Epidemics and pandemics have been a part of human history for millennia. An example of this long-standing presence is cholera. Cholera is an infection that is caused by a bacterium called Vibrio cholerae. The bacterium is present in the feces, and can be spread directly to drinking water, and to food via handling of the food in an unhygienic manner. The resulting watery diarrhea and dehydration, which can lead to collapse of body functions and death if treatment is not prompt, has devastated populations all over the world since the beginning of recorded history. The first reports that can be identified as cholera date back to 1563 in India. This and other epidemics in that part of the world lead to the spread of the infection. By 1817 cholera had become pandemic. The latest cholera pandemic began in 1961 in Indonesia. The outbreak spread through Europe, Asia, Africa, and finally reached South America in the early 1990s. In Latin America, cholera still causes 400,000 cases of illness and over 4000 deaths each year.
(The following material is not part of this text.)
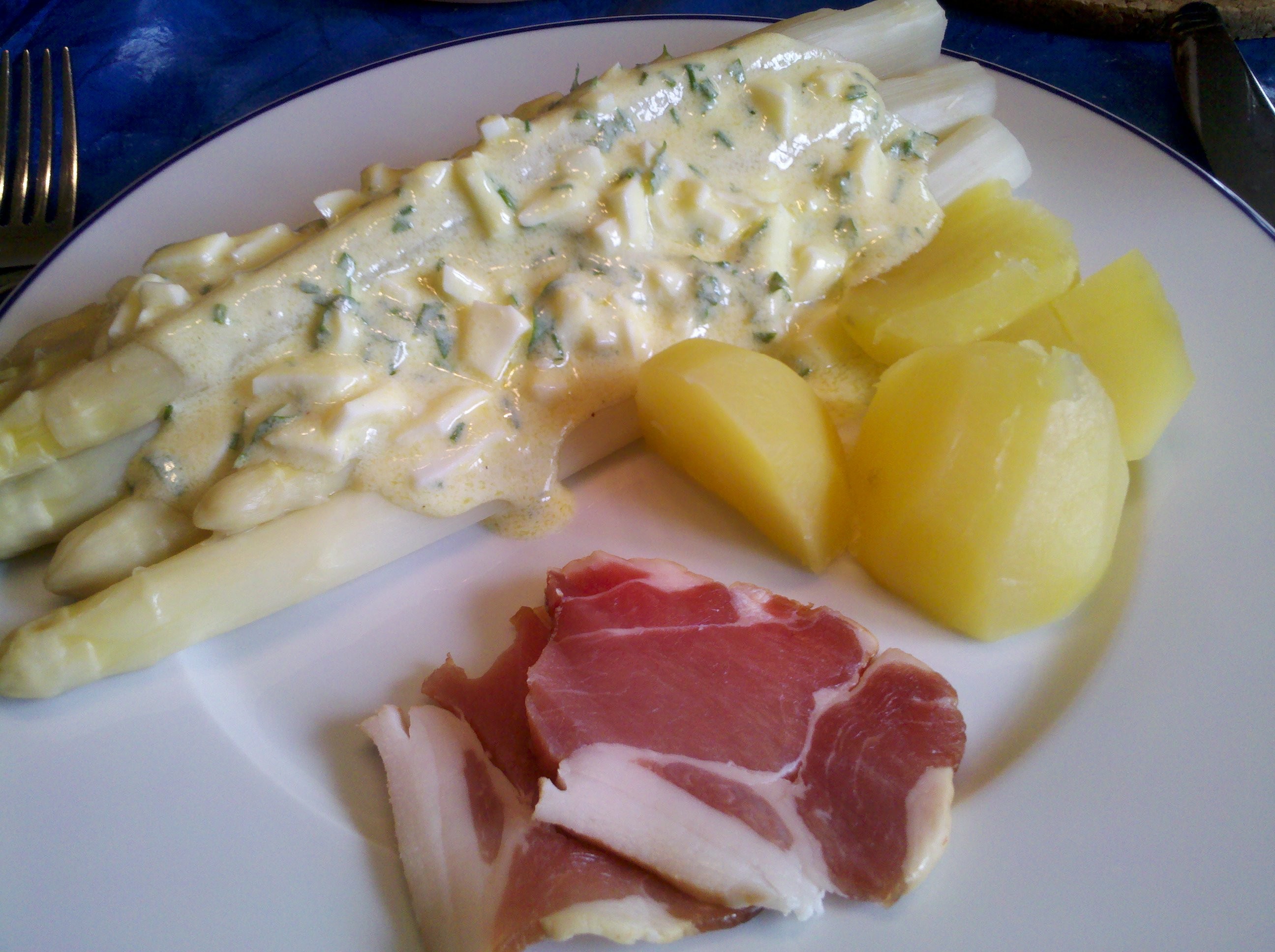 Dazu passt natürlich Spargel, den ich dazu im Bratschlauch zubereitet habe. Einfach geschälten Spargel in den Bratschlauch, mit einer Prise Salz, einer Prise Zucker und einem Hauch gemahlener Muskatnuss ca. 30 min bei 180°C im Backofen garen.
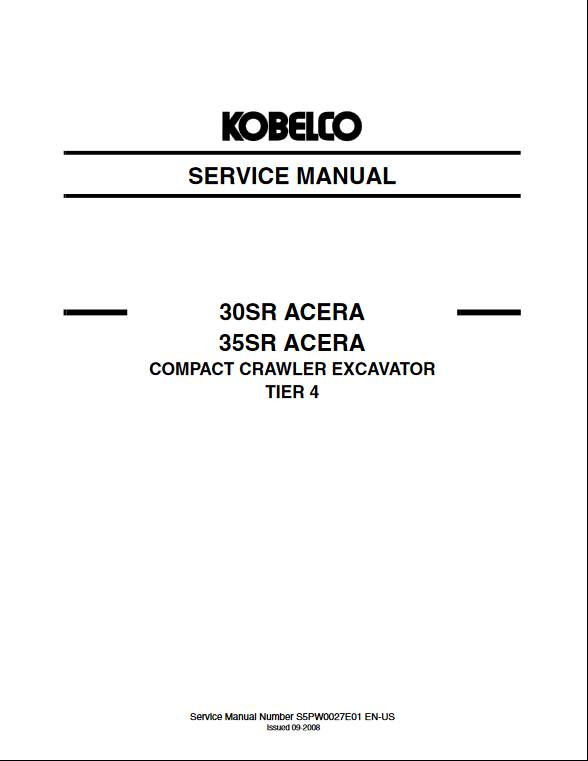 The Kobelco 30SR and SR35 Excavator Service Repair Manual is an essential resource for maintaining and repairing your excavator with precision. This comprehensive guide provides detailed instructions, diagrams, and troubleshooting tips, ensuring that you can efficiently address any issues that arise. With its user-friendly format, this manual empowers operators and technicians alike to enhance the performance and longevity of their equipment, making it a valuable addition to your maintenance toolkit. Invest in this manual today to keep your Kobelco excavator running smoothly and reliably

Influenza is another example of am illness that has been present since antiquity. Indeed, the philosopher Hippocrates first described an influenza outbreak in 412 B.C. There were three major outbreaks of influenza in the sixteenth century (the one occurring in 1580 being a pandemic), and at least three pandemics in the eighteenth century. In the twentieth century there were pandemics in 1918, 1957, and 1968. These were caused by different antigenic types of the influenza virus. The 1918 pandemic is thought to have killed some 30 million people, more than were killed in World War I.

A common theme of epidemics and pandemics throughout history has been the association of outbreaks and sanitary conditions. Inadequate sanitation has and continues to be the breeding ground for the bacteria and viruses that can sweep through populations. The gathering of people in the burgeoning cities of seventeenth and eighteenth century Europe lead to a series of epidemics. These included typhus , typhoid fever , plague, smallpox , dysentery , and cholera. Outbreaks are less of a problem in modern day cities, due to better sanitation conditions and standards of housing. However, in underdeveloped areas of the world, or even in the developed world where sanitation and housing conditions are deficient, such diseases are still present.
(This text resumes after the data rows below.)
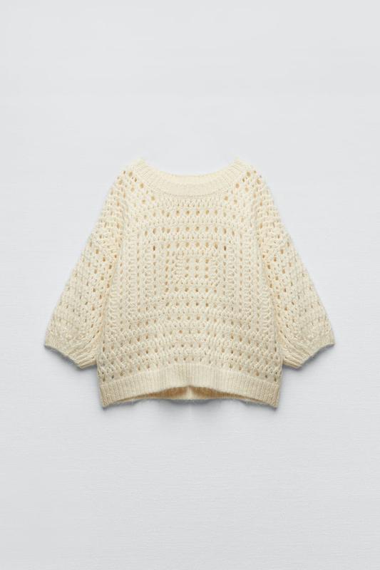 Ажурный свитер zara оригинал ажурный свитер ZARA оригинал новая коллеция 67% АКРИЛ · 23% ПОЛИЭСТЕР · 10% ПОЛИАМИД Открытый трикотажный свитер с круглым воротником и короткими рукавами. СЕРОВАТО-БЕЖЕВЫЙ ЦВЕТ
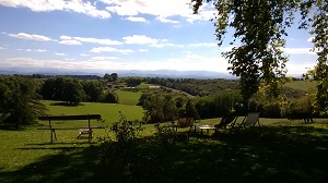 großen Platane mit Blick auf die Pyrenäen. Wir arbeiten im Freien,
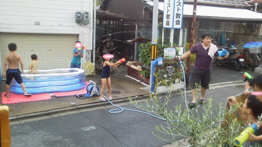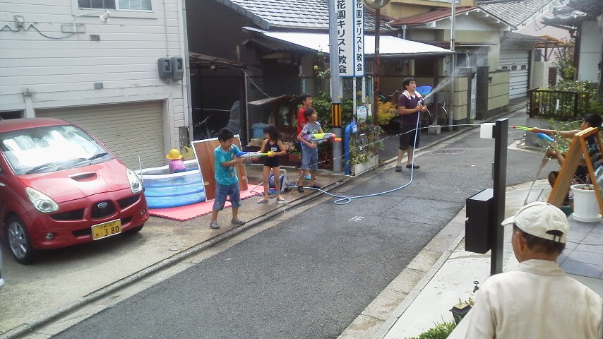 家から自分の自慢のウォーターガンを持ってくる子も。。
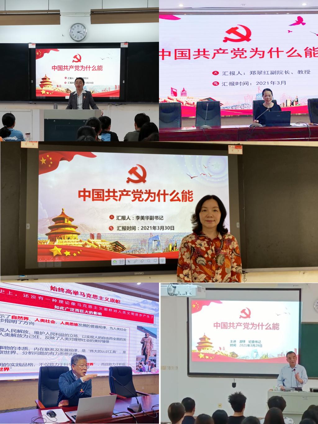 黨委副書記李美華、紀委書記游鋒、副院長陳貞健、黃銘珊、鄭翠紅等校領(lǐng)導從中國共產(chǎn)黨具有科學的理論指導、堅定的理想信念、強大的組織優(yōu)勢、堅實的群眾基礎(chǔ)、徹底的自我革命等五個方面,全面闡述了中國共產(chǎn)黨創(chuàng)造中國奇跡的原因所在。校領(lǐng)導的開講,引起了我校師生的廣泛熱議。
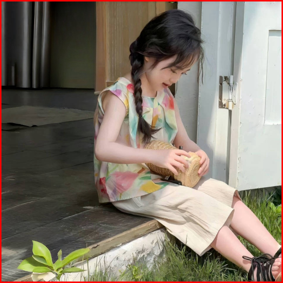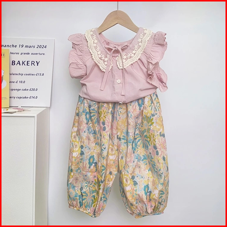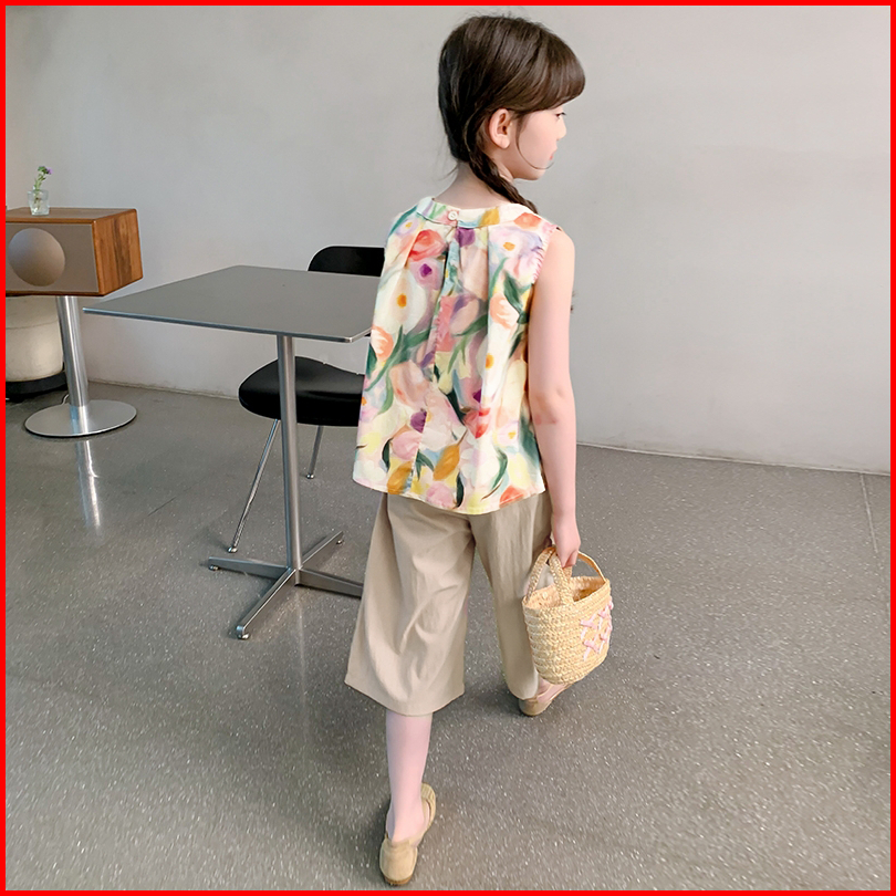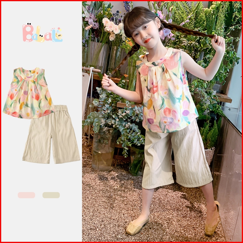 Balale Setelan Anak Perempuan Atasan Tanpa Lengan Motif Bunga Celana 9 10

Epidemics and pandemics can be so devastating that they can alter the course of history. An example is the Black Plague that spread through Europe and Britain in the seventeenth century. An estimated one-third of the population of Europe was killed, and cities such as London became nearly deserted, as those who could afford to do so fled the city. In the Crimean War (18531856), more than 50,000 soldiers died of typhus, while only 2,000 soldiers were actually killed in battle. As a final example, the spread of the plague to the New World by contaminated blankets aboard French sailboats that docked at Halifax, Nova Scotia, in 1746, lead to the decimation of the aboriginal inhabitants of North America.
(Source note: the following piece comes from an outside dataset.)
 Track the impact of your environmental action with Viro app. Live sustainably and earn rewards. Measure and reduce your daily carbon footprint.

Within the past several decades, there has been an increasing recognition that disease that were previously assumed to be of genetic or other, nonbacterial or nonviral origin are in fact caused by microorganisms has lead to the recognition that there may be an epidemic or pandemic or maladies such as stomach ulcers and heart disease. These diseases differ from other bacterial and viral epidemics and pandemics, because they do not appear and fade over a relatively short time. Rather, the stomach ulcers caused by the bacterium Helicobacter pylori and the heart disease caused by the reaction of the immune system to infection by the bacterium Chlamydia are so-called chronic infections. These infections are present for a long time, essentially causing a non-stop pandemic of the particular malady.